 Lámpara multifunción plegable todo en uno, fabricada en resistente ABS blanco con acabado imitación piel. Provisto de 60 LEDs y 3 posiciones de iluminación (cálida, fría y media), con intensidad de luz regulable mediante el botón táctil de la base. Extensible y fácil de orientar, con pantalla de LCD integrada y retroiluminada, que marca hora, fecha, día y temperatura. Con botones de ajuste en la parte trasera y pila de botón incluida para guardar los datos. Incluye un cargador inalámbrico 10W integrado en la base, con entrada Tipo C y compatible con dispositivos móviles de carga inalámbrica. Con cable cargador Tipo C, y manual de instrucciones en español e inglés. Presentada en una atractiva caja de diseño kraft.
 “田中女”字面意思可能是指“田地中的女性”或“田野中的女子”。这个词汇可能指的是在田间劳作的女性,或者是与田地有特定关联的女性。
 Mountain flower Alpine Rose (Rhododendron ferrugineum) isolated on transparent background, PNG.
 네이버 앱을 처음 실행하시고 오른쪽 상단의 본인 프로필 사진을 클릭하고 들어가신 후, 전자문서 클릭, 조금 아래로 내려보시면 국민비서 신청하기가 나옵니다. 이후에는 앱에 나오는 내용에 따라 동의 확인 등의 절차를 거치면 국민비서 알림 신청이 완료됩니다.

---

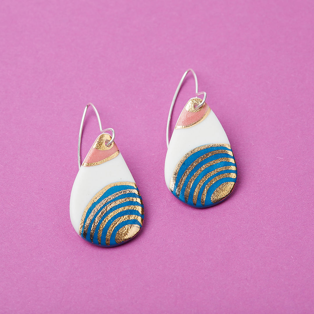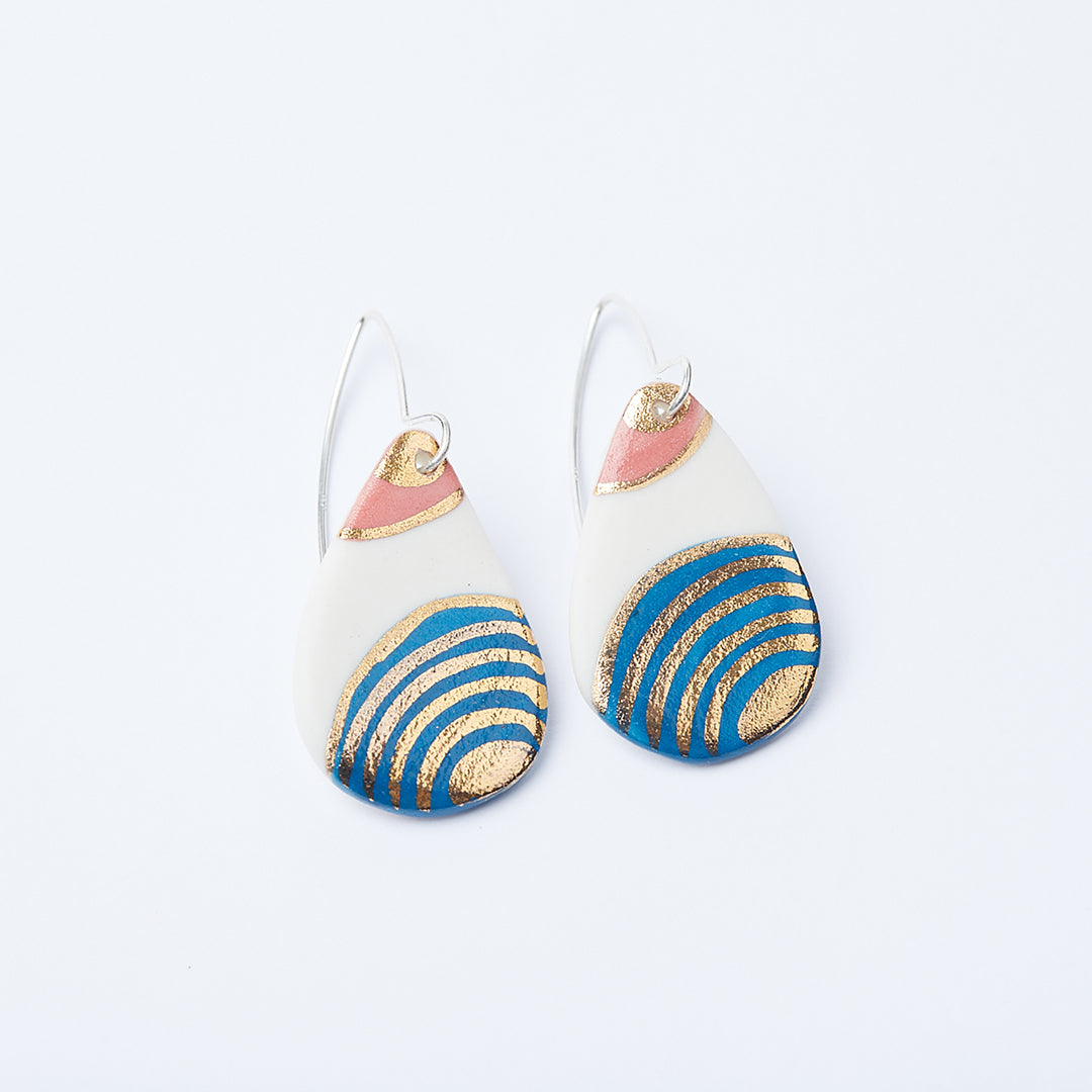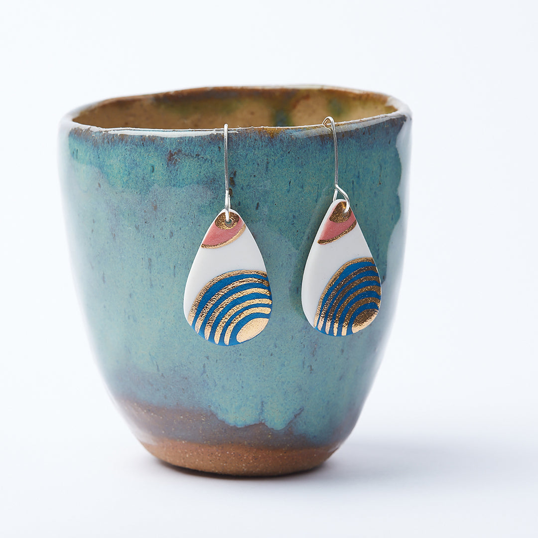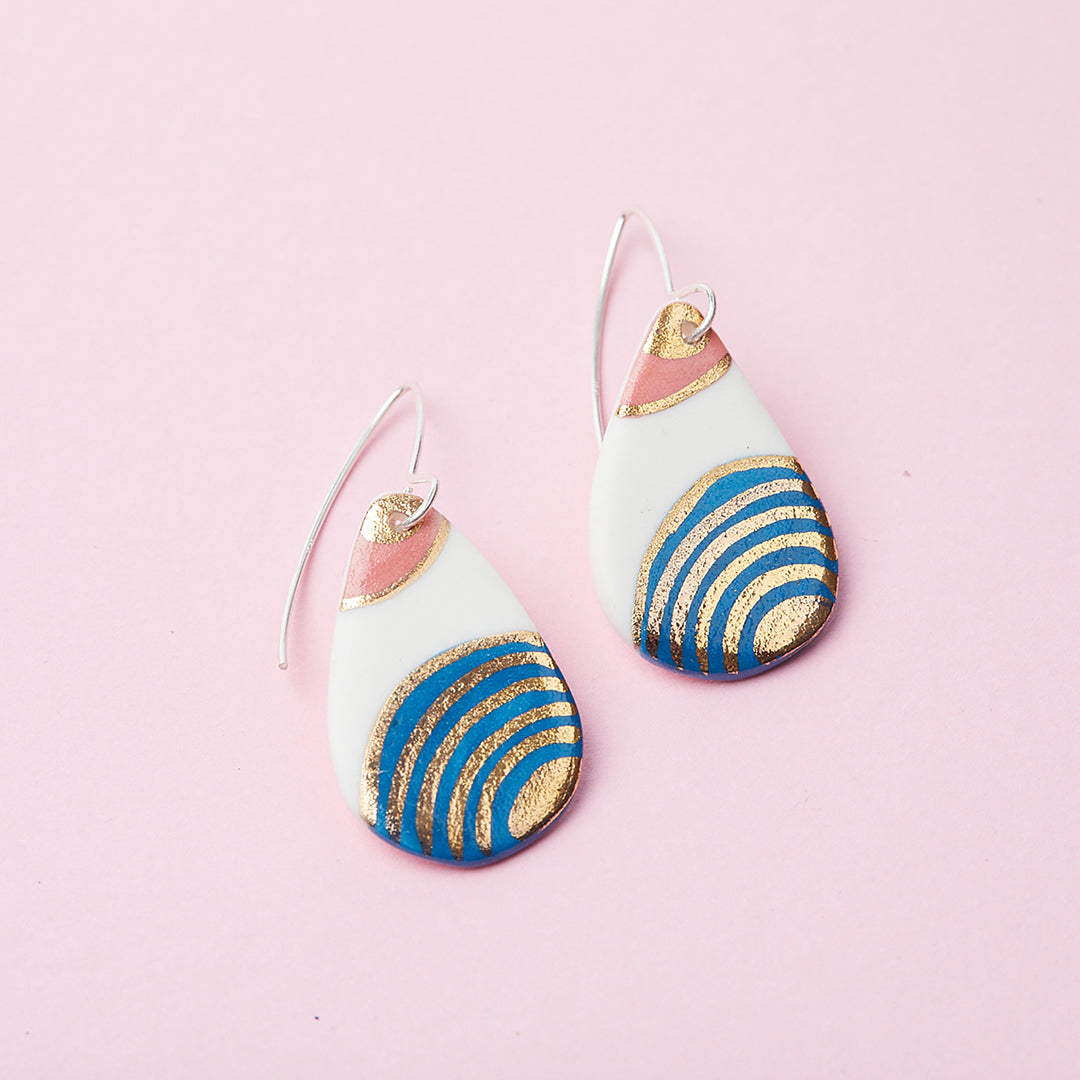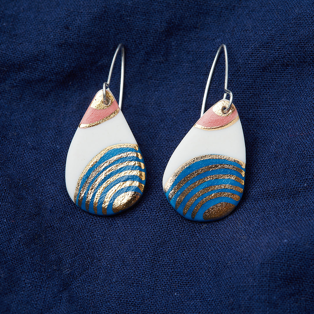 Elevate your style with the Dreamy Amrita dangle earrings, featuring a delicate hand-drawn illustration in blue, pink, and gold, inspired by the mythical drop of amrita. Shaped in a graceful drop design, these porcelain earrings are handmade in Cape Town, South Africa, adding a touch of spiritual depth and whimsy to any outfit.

--

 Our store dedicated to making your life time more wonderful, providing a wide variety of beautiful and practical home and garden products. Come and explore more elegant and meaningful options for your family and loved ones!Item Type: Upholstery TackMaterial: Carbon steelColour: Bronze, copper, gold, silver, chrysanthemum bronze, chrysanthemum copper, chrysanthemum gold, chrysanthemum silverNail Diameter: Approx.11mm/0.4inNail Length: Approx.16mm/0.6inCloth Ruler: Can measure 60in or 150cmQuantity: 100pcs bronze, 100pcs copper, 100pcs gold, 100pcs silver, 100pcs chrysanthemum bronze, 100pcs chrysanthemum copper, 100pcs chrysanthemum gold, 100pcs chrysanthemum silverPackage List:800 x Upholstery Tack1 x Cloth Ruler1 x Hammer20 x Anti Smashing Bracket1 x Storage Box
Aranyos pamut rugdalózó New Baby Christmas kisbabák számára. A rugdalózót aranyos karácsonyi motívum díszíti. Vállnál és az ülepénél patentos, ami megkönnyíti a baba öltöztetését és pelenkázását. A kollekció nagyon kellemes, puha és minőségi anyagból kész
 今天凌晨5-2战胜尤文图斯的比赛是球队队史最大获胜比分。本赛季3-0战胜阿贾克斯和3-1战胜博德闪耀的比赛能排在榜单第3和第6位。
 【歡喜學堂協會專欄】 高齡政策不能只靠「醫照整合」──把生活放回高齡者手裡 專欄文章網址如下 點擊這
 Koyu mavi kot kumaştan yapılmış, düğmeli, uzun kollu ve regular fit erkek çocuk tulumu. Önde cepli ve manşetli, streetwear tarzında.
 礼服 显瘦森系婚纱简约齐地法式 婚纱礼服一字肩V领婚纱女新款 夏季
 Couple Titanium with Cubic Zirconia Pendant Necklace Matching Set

- Aim of the exercise:
Give back exactly the lines above starting at the line where "Aranyos pamut rugdalózó" appears and ending at the line where "Couple Titanium with" appears, both included, with no other lines.

- Exercise result:
Aranyos pamut rugdalózó New Baby Christmas kisbabák számára. A rugdalózót aranyos karácsonyi motívum díszíti. Vállnál és az ülepénél patentos, ami megkönnyíti a baba öltöztetését és pelenkázását. A kollekció nagyon kellemes, puha és minőségi anyagból kész
 今天凌晨5-2战胜尤文图斯的比赛是球队队史最大获胜比分。本赛季3-0战胜阿贾克斯和3-1战胜博德闪耀的比赛能排在榜单第3和第6位。
 【歡喜學堂協會專欄】 高齡政策不能只靠「醫照整合」──把生活放回高齡者手裡 專欄文章網址如下 點擊這
 Koyu mavi kot kumaştan yapılmış, düğmeli, uzun kollu ve regular fit erkek çocuk tulumu. Önde cepli ve manşetli, streetwear tarzında.
 礼服 显瘦森系婚纱简约齐地法式 婚纱礼服一字肩V领婚纱女新款 夏季
 Couple Titanium with Cubic Zirconia Pendant Necklace Matching Set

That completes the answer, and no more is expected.